Dunque, che il libro non mi è piaciuto molto penso si sia capito (pazienza, sono cose che capitano). Certo, paragonato alle porcherie che solitamente pubblicano i giornalisti italiani è un capolavoro assoluto, ma nel campo degli studi sulla manipolazione delle masse i precedenti sono talmente illustri (penso solo al Karl Kraus de La fine del mondo a causa della magia nera) da consentirci di essere più esigenti.
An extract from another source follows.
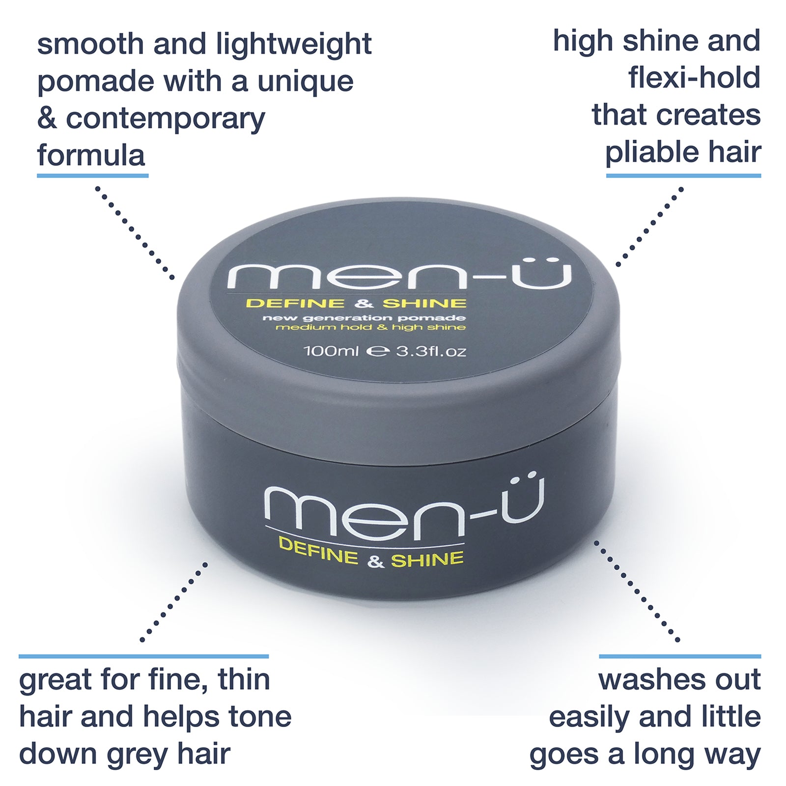 Perfect for the well-groomed gentleman, the Define and Shine Pomade from men-ü is a re-workable wax that delivers high shine, whilst providing medium hold. Suitable for all hair types, the lightweight product can control even coarse, wavy and thick hair. Mould, sculpt and experiment to create your desired hair style. Washes out easily with water. E.N.

Va peraltro riconosciuto che la materia è tutt’altro che semplice da affrontare, in particolare per la sua essenza “opaca”. Mi sovvengono in conclusione due esempi riguardanti il Cile: quando la CIA volle propiziare il golpe di Pinochet, tra le altre cose mise in piedi El Descuartizado, cioè favorì la diffusione nei giornali “amici” di notizie riguardanti squartamenti, omicidi misteriosi e cannibalismo, in modo da creare nel Paese un clima di panico e terrore. Qualche anno dopo, nel 1987, nel deserto di Atacama vennero ritrovate dodici mummie risalenti al periodo Inca: il “Time” pubblicò la notizia con toni sensazionalistici, trasformando la scoperta archeologica in una “fossa comune” del regime contenente centinaia di corpi. Il resto del mondo fece lo stesso: gli unici giornali a riportare la storia correttamente furono… quelli controllati dalla dittatura! Questo solo per far capire che alla fin fine, per parafrasare un noto detto, sono tutti stregoni con le notizie degli altri.